In order to meet 1NF a table must meet the following criteria:
- The data are stored in a two-dimensional table.
- There are no repeating groups.
- It must have a primary key
What are repeating groups?
A repeating group is an attribute that has more than one value in each row of a table. A repeating group is directly analogous to a multivalued attribute in an ER diagram.
To achieve 1NF you need to handle your table, much likely creating new tables, so data can be normalized.
Take the table players, for this example. It as many multivalued attributes, which inflicts 1NF.
player_id | items |
jane | 1 amulets, 2 rings, 1 shields |
john | 12 arrows, 1 bow, 2 rings |
mary | 2 rings, 1 staff, 2 hood |
lisa | 1 rings, 2 dagger, 2 hood |
In order to achieve 1NF we have to decompose this table in two tables, like these:
player_id |
jane |
john |
mary |
lisa |
Here played being the primary key.
player_id | Item_type | Quantity |
jane | amulets | 1 |
jane | rings | 2 |
jane | shields | 1 |
john | arrows | 12 |
john | bow | 1 |
john | rings | 2 |
mary | rings | 2 |
mary | staff | 1 |
mary | hood | 2 |
lisa | rings | 1 |
lisa | dagger | 2 |
lisa | hood | 2 |
Here the combination of player + items being the primary key.
What is 2NF?
In theoretical terms, second formal form relations are defined as follows:
- The relation is in first normal form.
- All non-key attributes are functionally dependent on the entire primary key. Meaning: no part-key dependency allowed.
Let’s enhance our last table, to add player rating:
player_id | item_type | item_quantity | player_rating |
jane | amulets | 1 | Intermediate |
jane | rings | 2 | Intermediate |
jane | shields | 1 | Intermediate |
john | arrows | 12 | Beginner |
john | bow | 1 | Beginner |
john | rings | 2 | Beginner |
mary | rings | 2 | Advanced |
mary | staff | 1 | Advanced |
mary | hood | 2 | Advanced |
lisa | rings | 1 | Advanced |
lisa | dagger | 2 | Advanced |
lisa | hood | 2 | Advanced |
On the table above item_quantity and player_rating are non-key attributes, meaning, they do not compose or participate on the primary key for this table. We can therefore say that: player_id + item_type determines item_quantity, the terminology being:
- { player_id , item_type } -> item_quantity
Meaning that, for every unique combination of player_id + item_type (aka, for every primary key) there is only one item_quantity. The next question is, are there other functional dependencies on this table? Yes, there are.
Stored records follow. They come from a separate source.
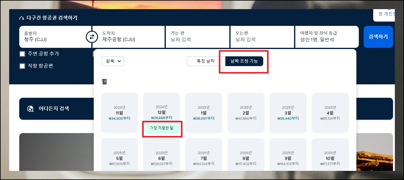 첫 화면에서는 필수적인 여행 정보를 입력해야 합니다. 출발지와 도착지를 각각 청주와 제주로 지정하고, 원하시는 날짜를 선택하세요. 특히 "날짜 조정 가능" 조건으로 선택하면 좀 더 경제적인 선택지를 만나볼 수 있어요. 이를 통해 전체 달의 가격 흐름을 한눈에 파악할 수 있기 때문이에요. 주말과 평일의 가격 차이도 확인할 수 있어 유용합니다.
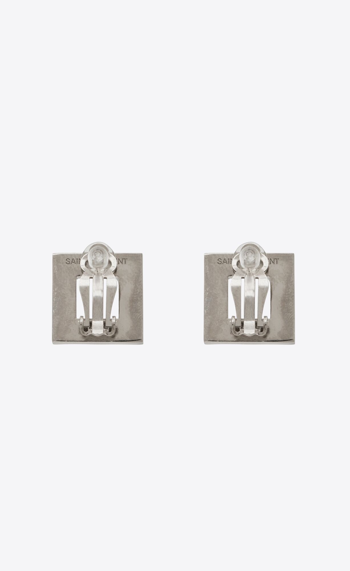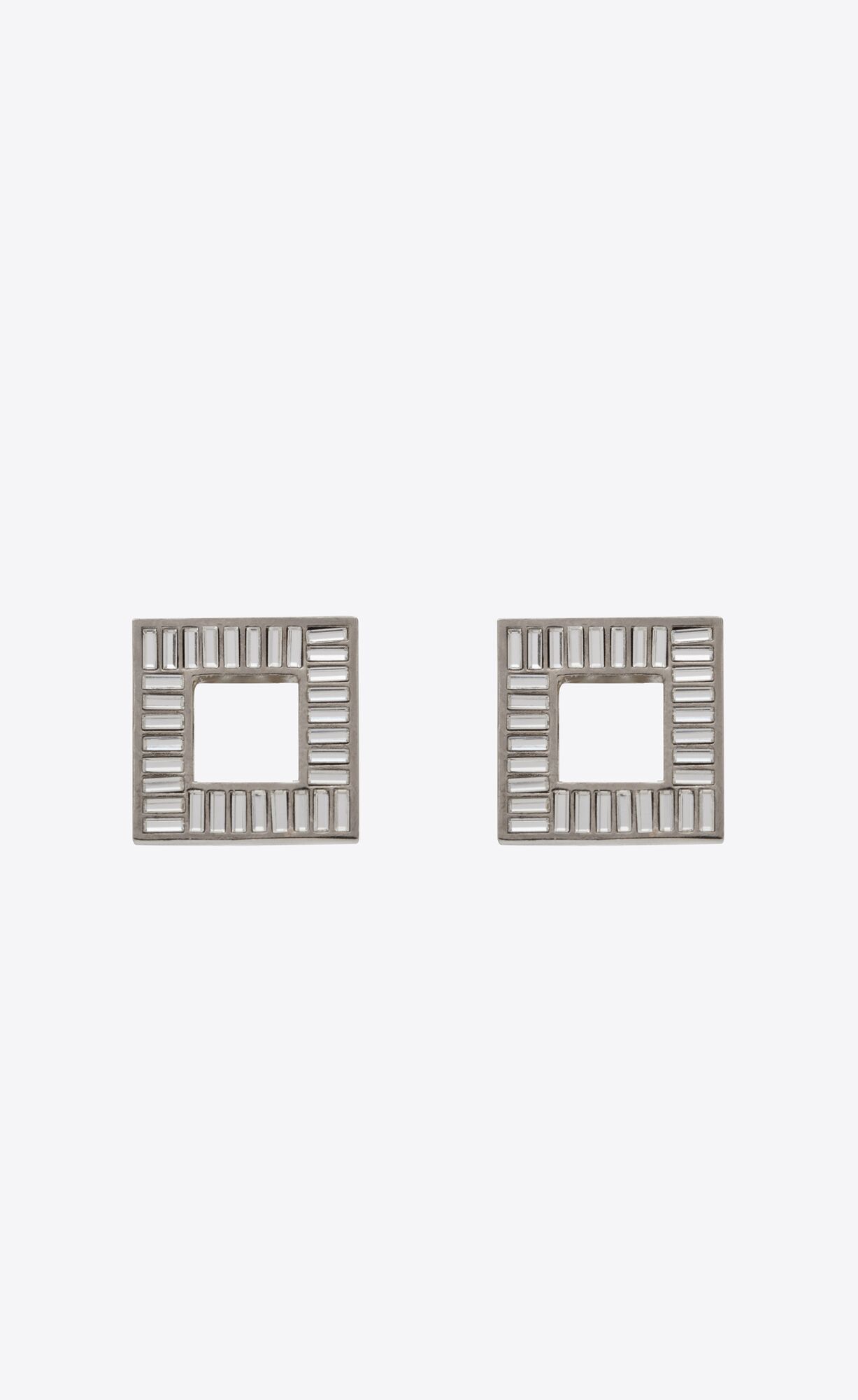 Pair of earrings featuring an open square set with baguette rhinestones.
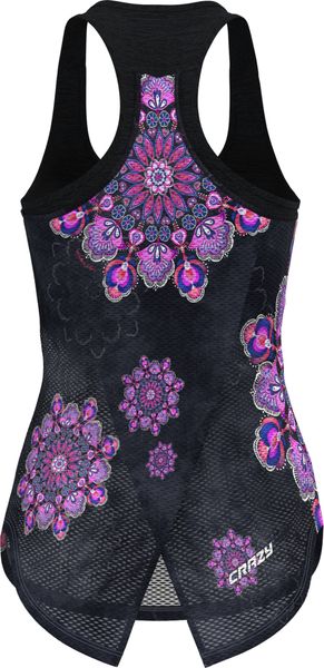 "The Break Top is Crazy's tank top with integrated bra, designed for outdooractivitiesu00e4ten and trekking. It features vibrant prints and eye-catching colors without sacrificing technical features, thanks to the inner melangemicrofiber-rapid-dry fabric and the breathable meshuuuufabric layer with quick-drying finish. It features soft straps, an integrated inner bra and a deep back slit that provides ventilation and a unique fit."
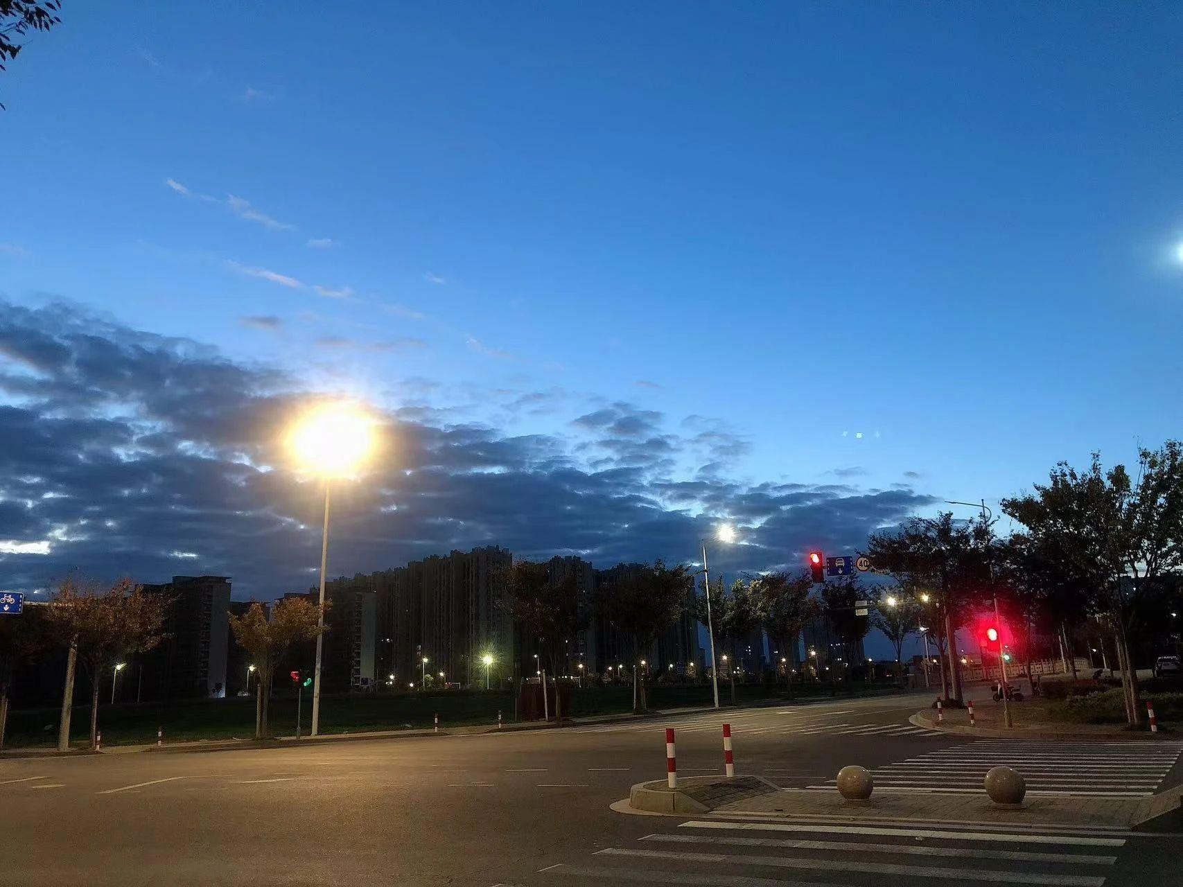 這幅作品展示了城市黃昏的景象,藍色的天空與雲層形成強烈對比,路燈和交通信號燈的光芒點綴其中,呈現出一種寧靜而略帶孤寂的氛圍。畫面構圖以道路為前景,遠處的建築物和樹木勾勒出城市的輪廓,描繪出一種現代都市的日常場景。

Here are they:
- player_id -> player_rating
But why is the first functional dependency correct and not the second one?
Because functional dependency is a one-way relationship between two attributes such that at any given time, for each unique value of attribute A, only one value of attribute B is associated with it.
And, as we can see here, on the functional dependency “player_id -> player_rating” there are no uniqueness on this relationship.
Now that we have identified all the functional dependencies (FD) we can use the determinant of each of this FDs, and create a separate table, a separate entity, using those determinants as primary key. Like these:
Note on determinant: To clarify what are our determinants here we first need to know which are the Functional Dependencies we got, so here are the FDs:
- { player_id , item_type } -> item_quantity
- player_id -> player_rating
So we have determinant { player_id , item_type } for our FD #1 and player_id as our determinante for FD #2.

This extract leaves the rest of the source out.